Search code examples
goconcurrencyredisrace-condition

Processing a Redis queue using BLPOP causes a race condition in unit tests?


I'm trying to implement a first-in, first-out task queue as described in Chapter 6.4.1 of the Redis e-book in Go. For testing purposes, I'm passing in a CommandExecutor interface to the 'worker' function like so:

package service

import (
    "context"

    "github.com/gomodule/redigo/redis"
    "github.com/pkg/errors"
    "github.com/sirupsen/logrus"
)

const commandsQueue = "queuedCommands:"

var pool = redis.Pool{
    MaxIdle:   50,
    MaxActive: 1000,
    Dial: func() (redis.Conn, error) {
        conn, err := redis.Dial("tcp", ":6379")
        if err != nil {
            logrus.WithError(err).Fatal("initialize Redis pool")
        }
        return conn, err
    },
}

// CommandExecutor executes a command
type CommandExecutor interface {
    Execute(string) error
}

func processQueue(ctx context.Context, done chan<- struct{}, executor CommandExecutor) error {
    rc := pool.Get()
    defer rc.Close()

    for {
        select {
        case <-ctx.Done():
            done <- struct{}{}
            return nil
        default:
            // If the commands queue does not exist, BLPOP blocks until another client
            // performs an LPUSH or RPUSH against it.
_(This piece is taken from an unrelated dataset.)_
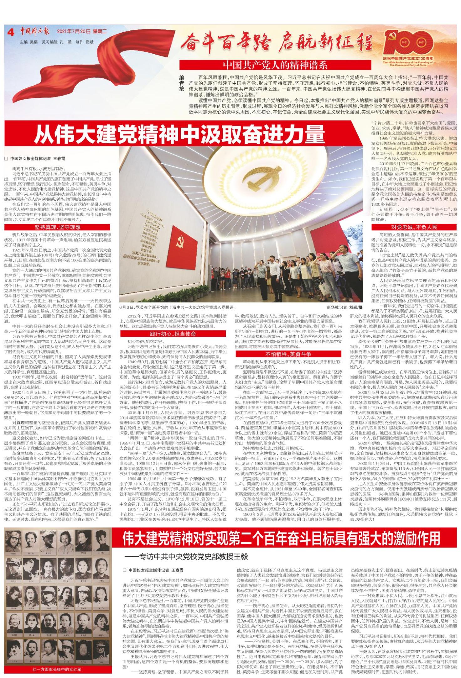 习近平总书记在庆祝中国共产党成立一百周年大会上的讲话中首次提到“伟大建党精神”,如何理解伟大建党精神的重大意义、内涵以及贯彻落实的要点,中国妇女报全媒体记者专访了中共中央党校党史部教授王毅。

The timeout argument of zero is
            // used to block indefinitely.
            reply, err := redis.Strings(rc.Do("BLPOP", commandsQueue, 0))
            if err != nil {
                logrus.WithError(err).Errorf("BLPOP %s %d", commandsQueue, 0)
                return errors.Wrapf(err, "BLPOP %s %d", commandsQueue, 0)
            }

            if len(reply) < 2 {
                logrus.Errorf("Expected a reply of length 2, got one of length %d", len(reply))
                return errors.Errorf("Expected a reply of length 2, got one of length %d", len(reply))
            }

            // BLPOP returns a two-element multi-bulk with the first element being the
            // name of the key where an element was popped and the second element
            // being the value of the popped element (cf. https://redis.io/commands/blpop#return-value)
            if err := executor.Execute(reply[1]); err != nil {
                return errors.Wrapf(err, "execute scheduled command: %s", reply[0])
            }
            done <- struct{}{}
        }
    }
}

I've made a small example repository, https://github.com/kurtpeek/process-queue, with this code as well as an attempt at unit tests. For the unit test, I have two tests which are the same (with different names):

package service

import (
    "context"
    "testing"

    "github.com/stretchr/testify/assert"
    "github.com/stretchr/testify/require"
)

func TestProcessQueue(t *testing.T) {
    ctx, cancel := context.WithCancel(context.Background())
    defer cancel()

    executor := &CommandExecutorMock{
        ExecuteFunc: func(string) error {
            return nil
        },
    }

    done := make(chan struct{})
    go processQueue(ctx, done, executor)

    rc := pool.Get()
    defer rc.Close()

    _, err := rc.Do("RPUSH", commandsQueue, "foobar")
    require.NoError(t, err)

    <-done

    assert.Exactly(t, 1, len(executor.ExecuteCalls()))
    assert.Exactly(t, "foobar", executor.ExecuteCalls()[0].In1)
}

func TestProcessQueue2(t *testing.T) {
    ctx, cancel := context.WithCancel(context.Background())
    defer cancel()

    executor := &CommandExecutorMock{
        ExecuteFunc: func(string) error {
            return nil
        },
    }

    done := make(chan struct{})
    go processQueue(ctx, done, executor)

    rc := pool.Get()
    defer rc.Close()

    _, err := rc.Do("RPUSH", commandsQueue, "foobar")
    require.NoError(t, err)

    <-done

    assert.Exactly(t, 1, len(executor.ExecuteCalls()))
    assert.Exactly(t, "foobar", executor.ExecuteCalls()[0].In1)
}

where the CommandExecutorMock is generated using moq. If I run each test individually, they pass:

~/g/s/g/k/process-queue> go test ./... -v -run TestProcessQueue2
=== RUN   TestProcessQueue2
--- PASS: TestProcessQueue2 (0.00s)
PASS
ok      github.com/kurtpeek/process-queue/service   0.243s

However, if I run all the tests, the second one times out:

~/g/s/g/k/process-queue> 
go test ./... -v -timeout 10s
=== RUN   TestProcessQueue
--- PASS: TestProcessQueue (0.00s)
=== RUN   TestProcessQueue2
panic: test timed out after 10s

It seems that when the second test runs, the goroutine started in the first test is still running and BLPOPing the command from the queue, so that the <-done line in the second test blocks indefinitely. This is despite calling cancel() on the parent context of the first test.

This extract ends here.